Live/dead staining was performed using staining solution containing 5 mg/mL FDA (fluorescein diacetate, green) and 2 mg/mL PI (propidium iodide, red) according to our previous study [22]. On day 1 and day 3, cells were incubated with the staining solution at room temperature. After washing with PBS, the samples were viewed using an inverted fluorescence microscope with a × 10 objective (Leica, Wetzlar, Germany).
Macrophage polarization
Macrophages were activated with LPS as described previously [22]. Briefly, macrophages were seeded on 24-well tissue culture coverslip overnight, then stimulated with 1000 ng/ml of Lipopolysaccharide (LPS, Escherichia coli 0111: B4, Sigma, China) for 12 h. Cells were rinsed with PBS trice, then co-cultured with different scaffolds. After 24 h incubation, cells were washed with PBS, fixed with 4% paraformaldehyde, and stained with Alexa Fluor 594-labeled phalloidin for 1 h followed by DAPI staining. Images were acquired using a confocal laser scanning microscope with a × 40 oil objective (Leica DM IRB; Leica, Wetzlar, Germany).
Reactive oxygen species (ROS)
Oxidative stress was achieved using hydrogen peroxide as previously described [26]. ROS levels were evaluated by DCFDA/H2DCFDA-Cellular ROS Assay Kit (Abcam, China) according to the manufacturer’s instructions. Cells were stained with Hoechst 33342 and imaged using a confocal laser scanning microscope with a × 40 oil objective (Leica DM IRB; Leica, Wetzlar, Germany). For the flow cytometric analysis of ROS levels, cells were analyzed using a flow cytometer (BD Biosciences, Franklin Lakes, USA).
RNA isolation, reverse transcription, and real time PCR
Total RNA was isolated using TRIzol® reagent (15,596,018, Thermo Fisher Scientific, China).

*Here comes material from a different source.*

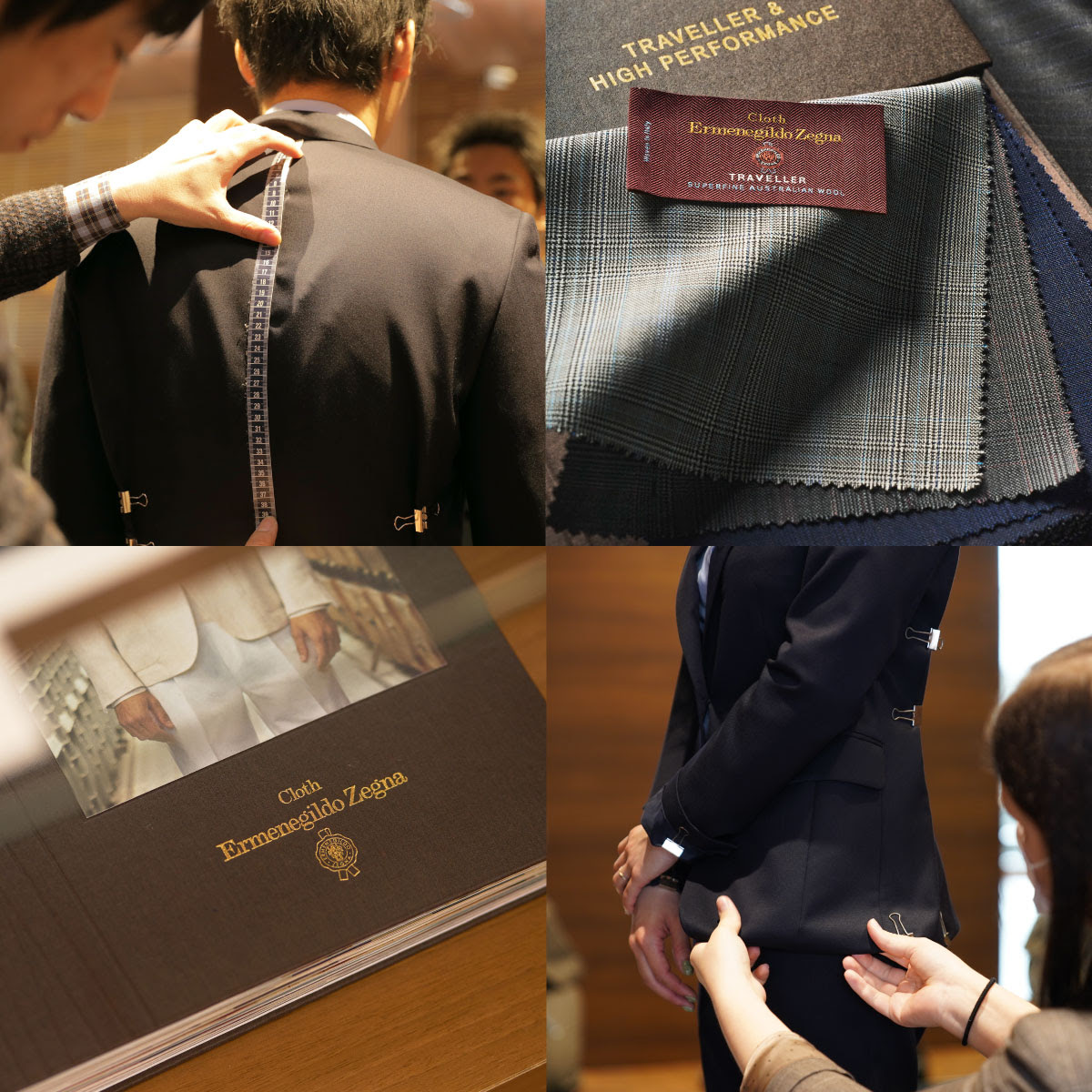 ショップでは、ゼニアの生地が持つ独特の落ち感や光沢を熟知したテイラーが、お客様のライフスタイルに合わせてフィッティング。

RNA concentration was measured by measuring the absorbance at 260 and 280 nm using NanoDrop 8000 spectrophotometer (NanoDrop technologies). cDNA was synthesized from 500 ng of total RNA sample using a RevertAid First Strand cDNA Synthesis Kit (K1622, Thermo Fisher Scientific, China). Real time PCR was performed using SYBR Green qPCR Master Mix (Life Technologies, China) on an ABI Prism 7500 Thermal Cycler (Applied Biosystems, Foster City, California, USA). The mRNA expression of the genes of interest was normalized against the housekeeping gene GAPDH. The difference between the mean Ct values of the gene of interest and the housekeeping gene was labelled ΔCt and the relative expression was calculated using the comparative Ct (2−ΔΔCT) method [27].
hBMSC viability and live/dead assay
MTT cell proliferation assay and live/dead staining were used to assess cell viability as described above.

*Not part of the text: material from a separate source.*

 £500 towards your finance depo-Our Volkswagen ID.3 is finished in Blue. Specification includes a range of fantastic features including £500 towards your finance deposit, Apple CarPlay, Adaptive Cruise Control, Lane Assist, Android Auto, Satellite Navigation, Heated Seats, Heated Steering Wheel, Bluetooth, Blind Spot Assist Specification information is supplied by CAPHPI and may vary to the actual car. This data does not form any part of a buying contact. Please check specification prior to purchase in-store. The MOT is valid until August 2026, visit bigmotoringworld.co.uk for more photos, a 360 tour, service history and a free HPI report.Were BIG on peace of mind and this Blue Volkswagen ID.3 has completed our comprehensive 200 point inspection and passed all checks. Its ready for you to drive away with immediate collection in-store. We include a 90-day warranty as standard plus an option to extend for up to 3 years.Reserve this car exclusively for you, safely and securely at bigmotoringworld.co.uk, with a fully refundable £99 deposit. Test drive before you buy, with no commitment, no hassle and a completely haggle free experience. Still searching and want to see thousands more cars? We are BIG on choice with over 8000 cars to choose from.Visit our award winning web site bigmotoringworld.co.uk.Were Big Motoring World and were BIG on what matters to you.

Immunofluorescent staining and confocal microscopy
Immunofluorescent staining of Alkaline phosphatase (ALP) was used to assess osteoblastic maturation of hBMSCs after 14 days of culture in osteogenic medium. Briefly, hBMSCs were washed with PBS twice and fixed with 4% paraformaldehyde for 10 min at room temperature. Cells were permeabilized with 0.25% Triton X-100 for 10 min and blocked with 4% bovine serum albumin (BSA) for 1 h at room temperature. After rinsing with PBS twice, cells were incubated with rabbit polyclonal to ALP (1:100, ab224335, Abcam) overnight at 4 °C. The next day, cells were incubated with Fluorescein isothiocyanate-conjugated goat anti-rabbit IgG (H + L) secondary antibody for 1 h. Cells were counterstained with Alexa Fluor 594-labeled phalloidin followed by DAPI staining as described above. Images were acquired using a confocal laser scanning microscope with a × 40 objective (Leica DM IRB; Leica, Wetzlar, Germany).

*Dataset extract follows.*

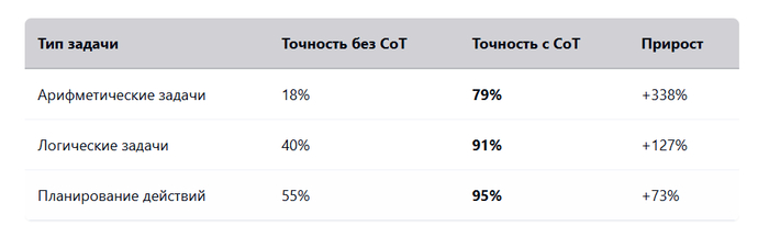Они доказали, что CoT-подход радикально повышает точность в задачах, требующих логики и здравого смысла:

ALP and alizarin red S staining
ALP staining was also used to assess osteoblastic differentiation of hBMSCs after 14 days of culture in osteogenic medium. ALP staining was performed using BCIP/NBT Alkaline phosphatase Color Development Kit according to the manufacturer’s instruction (Beyotime, Shanghai, China). Images were taken using inverted light microscope with a × 10 objective (Leica, Wetzlar, Germany).
For the alizarin red staining, hBMSCs under osteoblastic differentiation were washed with PBS twice, then fixed by 4% paraformaldehyde for 20 min at room temperature. After fixation, the cells were then stained with 2% Alizarin Red S staining solution (pH = 4.1) for 30 min at room temperature. Images were taken using inverted light microscope with a × 10 objective (Leica, Wetzlar, Germany). Quantification of Alizarin Red S staining was performed according to previous study [28].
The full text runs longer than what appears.